Олегу и Владимиру Перенег сказал:
- Кто знает, может, в недалёком будущем нам придётся отбивать Градец уже у поляков. Сей подземный ход станет достойным ответом на польское коварство, от коего мы пострадать можем.
Он не стал возражать, когда Владислав сказал, что намерен разместить в Градеце польский гарнизон.
- У нас с чехами давний спор из-за этого города, - добавил Владислав.
От Градеца польско-русское войско двинулось лесными дорогами к городу Оломоуцу, что стоял на реке Мораве. Правителем Оломоуца был Оттон Красивый, брат Братислава.
Во время одного из дневных переходов, когда отряды огибали высокую, поросшую елями гору, на её вершине вдруг заклубился густой чёрный дым.
- Это гора Добенин, - молвил Дыглош Перенегу. - На её вершине постоянно находятся чешские дозоры. Можно не сомневаться, этот дым увидят в Оломоуце и ближних к нему городах. Теперь нам не избежать встречи с ратью князя Братислава.
Проходя по землям Моравии, польские рыцари безжалостно разоряли усадьбы чешской знати, жгли деревни и мельницы. В плен брали прежде всего детей, девушек и молодых женщин. На возы грузили все, что имело хоть какую-то ценность: от медных подсвечников до скаток грубого крестьянского полотна.
Но чем ближе к Оломоуцу приближалось польско-русское воинство, тем чаще поляки платили кровью за свою жестокость и алчность. Небольшие чешские отряды внезапно появлялись из лесов и нападали на грабителей, когда те меньше всего этого ожидали. Теперь польские рыцари не осмеливались далеко отдаляться от основного войска.

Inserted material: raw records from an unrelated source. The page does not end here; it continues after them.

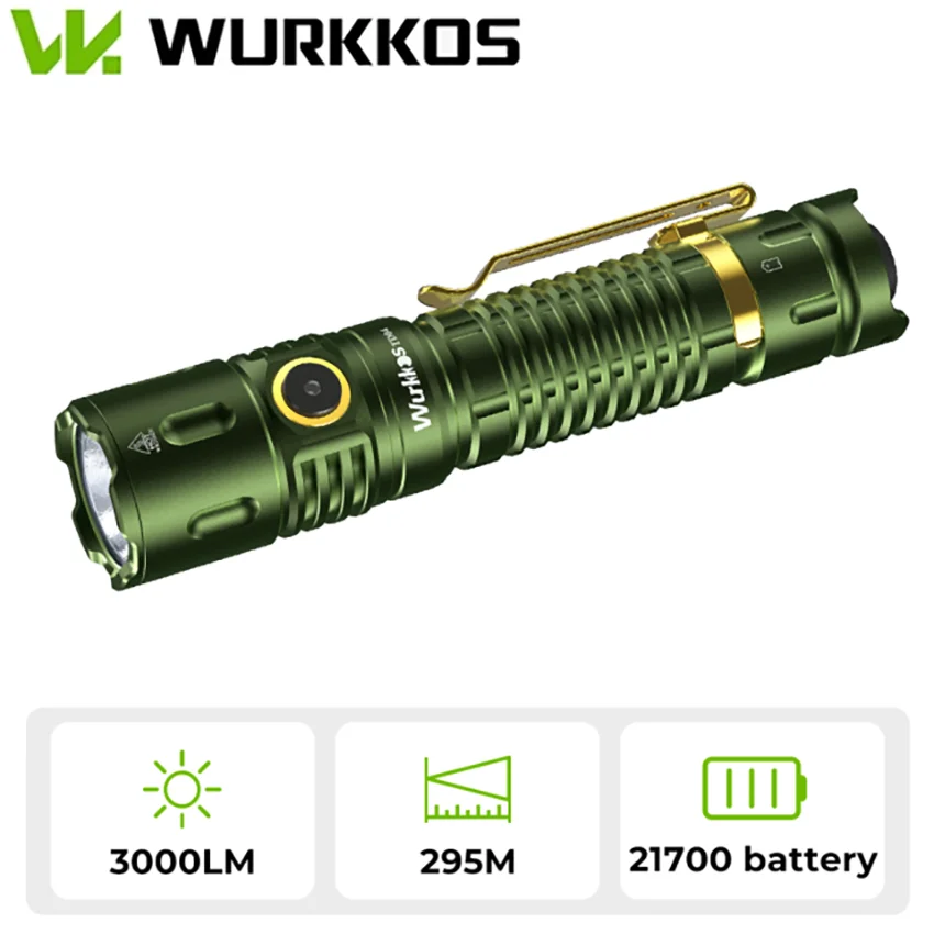 Wurkkos TD04 21700 Rechargeable Two Mode Group Tactical XHP50D HI Flashlight USB-C 3000 Lm Torch IP68 Waterproof EDC Tail Switch
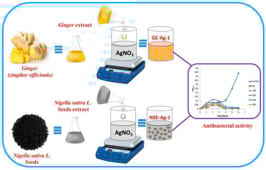 Alkhathlan, A.H.; AL-Abdulkarim, H.A.; Khan, M.; Khan, M.; AlDobiy, A.; Alkholief, M.; Alshamsan, A.; Alkhathlan, H.Z.; Siddiqui, M.R.H. Ecofriendly Synthesis of Silver Nanoparticles Using Aqueous Extracts of Zingiber officinale (Ginger) and Nigella sativa L. Seeds (Black Cumin) and Comparison of Their Antibacterial Potential. Sustainability 2020, 12, 10523. https://doi.org/10.3390/su122410523
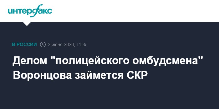 Москва. 3 июня. INTERFAX.RU - Прокуратура Москвы передала дело основателя проекта "Омбудсмен полиции" Владимира Воронцова из МВД в СКР, сообщила "Интерфаксу" начальник пресс-службы столичной прокуратуры Людмила Нефедова в ответ на запрос агентства.
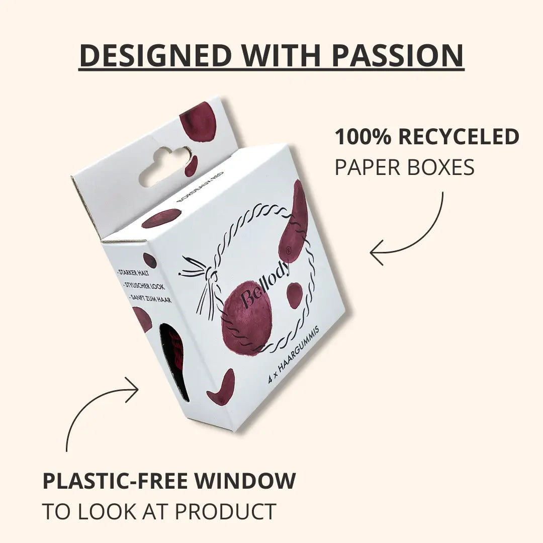 Ein besonderes Highlight ist ihre Vielseitigkeit. Die Haargummis dienen nicht nur als praktische Haaraccessoires, sondern lassen sich auch als modisches Armband tragen, das deinem Outfit einen schlichten, stilvollen Akzent verleiht. Mit einer kompakten Grösse von ca. 0,07 Metern Länge und 0,007 Metern Breite passen sie bequem in jede Tasche. Das Set aus vier Haargummis wird in einer ansprechenden Verpackung aus recyceltem Papier geliefert und eignet sich somit auch perfekt als Geschenk.
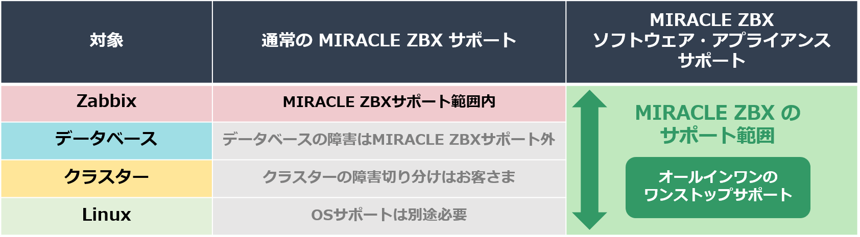 本サポートサービスは MIRACLE ZBX だけでなく、MIRACLE ZBX が構築されている AlmaLinuxOS のサポートも包括しています。
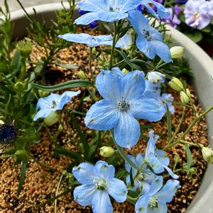 こんにちは😃 大好きなお花さんお迎えしましたo(^▽^)o 🏷️ 水曜日は水色 🏷️ 青い花で春浪漫2026 ◎ デルフィニウム デリフィニウムは、キンポウゲ科デルフィニウム属の多年草で、涼しい山間に生息しており、寒さには強い一方、暑さには弱いです。 5〜7月頃に花茎を伸ばし、青や紫、ピンク、白色の萼(がく)の中に白く小さな花を咲かせます。また種類は、長い花穂に豪華に花を咲かせるエラータム系、ちらちら花を咲かせ華奢な印象のシネンセ系、二つの中間に当たるベラドンナ系などがあります。 日当たり デルフィニウムは、日当たりと風通しのよい場所で育てます。成長期にあたる冬に日照不足になると、徒長してひょろひょろになりやすいです。 また、夏は休眠期にあたり日光はあまり必要とせず、デルフィニウムは高温多湿には弱いため、温度管理を優先して涼しい場所で育てるとよいです。 水やり 地植えの場合、水やりの必要はありません。 鉢植えの場合は、土の表面が乾いたら、午前中にたっぷりと水やりをします。水やりは葉に水をかけないように株元からしましょう。 とっても綺麗ですo(^▽^)o 元気に育ってほしいです(((o(*゚▽゚*)o)))♡🩵🩵🩵
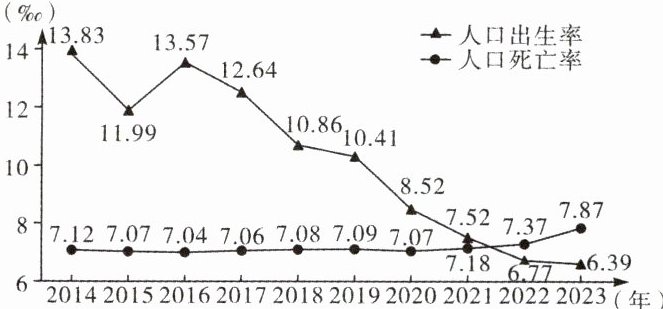 (黑白卷改编)截至2024年末,我国人口自然增长率连续三年达到负值。读我国人口出生率及死亡率统计图,完成5~6题。

Русским ратникам Перенег запретил участвовать в грабежах, говоря, что за помощь, оказанную в войне, польский князь и так заплатит им из своей казны.
На подходе к Оломоуцу конные дозоры донесли, что впереди стоит войско Братислава.
Поляки и русичи принялись на ходу перестраиваться в боевой порядок. Центр и левый фланг Владислав отдал своим союзникам, польские конные и пешие отряды собрались на правом фланге.
Лес кончился. Вокруг расстилалась холмистая равнина, кое-где изрезанная неглубокими оврагами и руслами пересохших речек, некогда впадавших в Мораву, до которой было рукой подать.
Вскоре на вершинах дальних холмов показались знамёна и множество торчащих кверху копий. Заблестели пи солнце шлемы и щиты далёкого войска, которое, растянувшись по холмам, перекрыло обе дороги, ведущие к Оломоуцу.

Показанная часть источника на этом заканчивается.